Mary wrote:In addition, he actually says that he thinks maybe some other things are going on in there, so I have an endoscopy scheduled for 10/13 where he'll biopsy for celiac (I've had neg blood tests, but know those are inaccurate to say the least).
Sadly, your doc appears to be totally lost and confused.

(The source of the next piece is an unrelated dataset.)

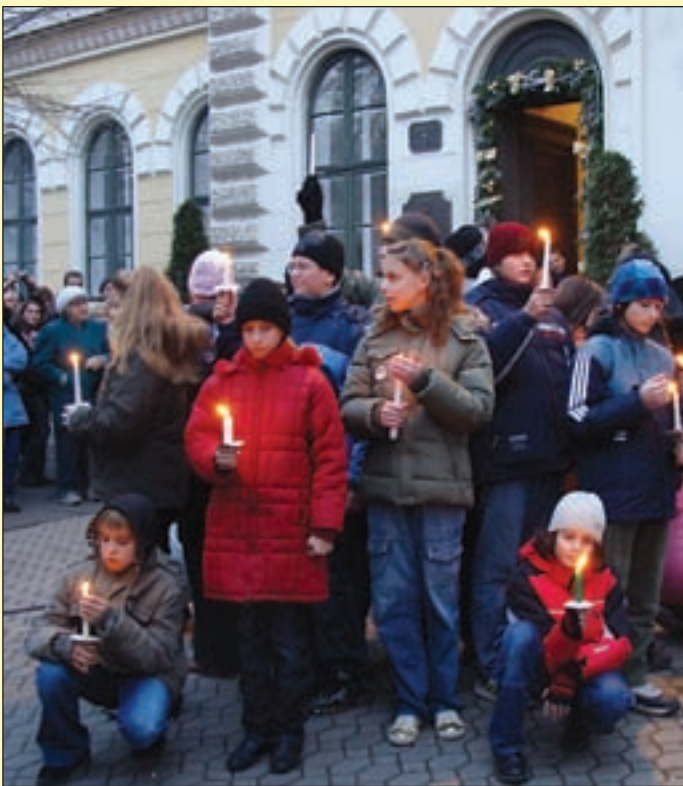
Békés, boldog, áldott karácsonyt és boldog új évet kívánunk valamennyi kedves olvasónknak. Lapunk legközelebbi száma 2008. január 17-én jelenik meg.

Presumably, he's trying to learn more about the disease by using you as a guinea pig. According to the formal diagnostic criteria for celiac disease, a Marsh 3 level of damage to the villi of the small intestine is required. Research shows that the blood tests will remain negative below that level of damage, and will turn positive when the Marsh 3 stage is reached. Therefore, if your serum tests were negative, the odds of him finding sufficient villus damage to qualify for a formal diagnosis of celiac disease are rather slim — not zero, but slim. This test will almost surely just provide unnecessary stress and inconvenience for you, and transfer money from your insurance company's bank account into your doctor's bank account. No useful information will be gained.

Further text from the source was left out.